To make it interesting we are going to request atmospheric, soil level and ocean wave data. This will give us multiple challenges in terms of handling different level types and spatial grids.

In [2]:
dataset = "reanalysis-era5-single-levels"
request = {
    'product_type': ['reanalysis'],
    'variable': ['10m_u_component_of_wind', '10m_v_component_of_wind', '2m_dewpoint_temperature', '2m_temperature', 'mean_sea_level_pressure', 'mean_wave_direction', 'mean_wave_period', 'sea_surface_temperature', 'significant_height_of_combined_wind_waves_and_swell', 'surface_pressure', 'total_precipitation'],
    'year': ['1985'],
    'month': ['02'],
    'day': ['03'],
    'time': ['00:00', '01:00', '02:00', '03:00', '04:00', '05:00', '06:00', '07:00', '08:00', '09:00', '10:00', '11:00', '12:00', '13:00', '14:00', '15:00', '16:00', '17:00', '18:00', '19:00', '20:00', '21:00', '22:00', '23:00'],
    'data_format': 'grib',
    'download_format': 'unarchived'
}

grib_file = "data.grib"
if not os.path.exists(grib_file): # Don't download the file if it already exists
    client = cdsapi.Client()
    grib_file = client.retrieve(dataset, request).download("data.grib")

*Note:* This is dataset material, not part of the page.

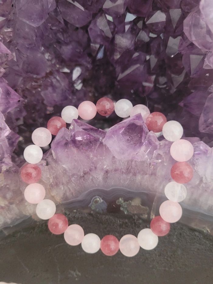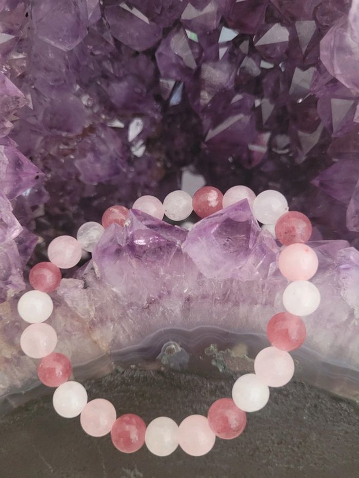 Neuf. 24 perles en pierres véritables de quartz rose et fraise et perles de lune de 8mm. Pour attirer l amour. Philtre d amour? Prix fixe. Il ne s agit pas de perles du marché ! La qualité a un prix. Celui- ci est au plus bas. Merci de votre compréhension. #isabo66_bijoux

# Get the base name of the file to use in the output file names
fname, _ = os.path.splitext(os.path.basename(grib_file))

## Configuration options

Now we set some options that we will use to open the grib file in xarray and perform some minor post-processing to produce our NetCDF file.

In [3]:
# Configuration options for opening the GRIB files as an xarray object,
#  these depend on the dataset your are working with, this example is for ERA5 single-levels

# The open_datasets_kwargs is a list of dictionaries, which is used to open the grib file into a list of
#  consistent hypercube which are compatible netCDF. There are a number of common elements, so we define a
#  common set and use them in each open_dataset_kwargs dictionary.
common_kwargs = {
    'time_dims': ['valid_time'],
    'ignore_keys': ['edition'],
    'extra_coords': {'expver': 'valid_time'},
    'coords_as_attributes': [
        'surface',
        'depthBelowLandLayer',
        'entireAtmosphere',
        'heightAboveGround',
        'meanSea'
    ]
}
open_datasets_kwargs: dict[str, Any] | list[dict[str, Any]] = [
    # To open the atmospheric variables
    {**common_kwargs, 'filter_by_keys': {'stream': ['oper']}, 'tag': 'stream-oper'},
    # To open the ocean-wave variables
    {**common_kwargs,'filter_by_keys': {'stream': ['wave']}, 'tag': 'stream-wave'}
]
# Keywords that are used to modify the xarray object after opening
post_open_datasets_kwargs: dict[str, Any] = {
    'rename': {
        'time': 'forecast_reference_time',
        'step': 'forecast_period',
        'isobaricInhPa': 'pressure_level',
        'hybrid': 'model_level'
    },
    'expand_dims': ['valid_time', 'pressure_level', 'model_level']
}

# Configuration options for writing the xarray object to a netcdf file,
#  These are the options used for all datasets in the CADS
# Keywords that are used when writing to netcdf
to_netcdf_kwargs: dict[str, Any] = {
    "engine": "h5netcdf",
}
# Compression options to use when writing to netcdf, note that they are dependent on the engine
compression_options = {
    "zlib": True,
    "complevel": 1,
    "shuffle": True,
}

print(
    f"Converting {grib_file} to netCDF files with:\n"
    f"  open_datasets_kwargs: {open_datasets_kwargs}\n"
    f"  post_open_datasets_kwargs: {post_open_datasets_kwargs}\n"
    f"  to_netcdf_kwargs: {to_netcdf_kwargs}\n"
    f"  compression_options: {compression_options}\n"
)

Converting data.grib to netCDF files with:
  open_datasets_kwargs: [{'time_dims': ['valid_time'], 'ignore_keys': ['edition'], 'extra_coords': {'expver': 'valid_time'}, 'coords_as_attributes': ['surface', 'depthBelowLandLayer', 'entireAtmosphere', 'heightAboveGround', 'meanSea'], 'filter_by_keys': {'stream': ['oper']}, 'tag': 'stream-oper'}, {'time_dims': ['valid_time'], 'ignore_keys': ['edition'], 'extra_coords': {'expver': 'valid_time'}, 'coords_as_attributes': ['surface', 'depthBelowLandLayer', 'entireAtmosphere', 'heightAboveGround', 'meanSea'], 'filter_by_keys': {'stream': ['wave']}, 'tag': 'stream-wave'}]
  post_open_datasets_kwargs: {'rename': {'time': 'forecast_reference_time', 'step': 'forecast_period', 'isobaricInhPa': 'pressure_level', 'hybrid': 'model_level'}, 'expand_dims': ['valid_time', 'pressure_level', 'model_level']}
  to_netcdf_kwargs: {'engine': 'h5netcdf'}
  compression_options: {'zlib': True, 'complevel': 1, 'shuffle': True}



## Open the GRIB as a dictionary of xarray datasets

This is handled differently depending on whether the kwargs are passed as a list of dictionaries, or a single dictionary.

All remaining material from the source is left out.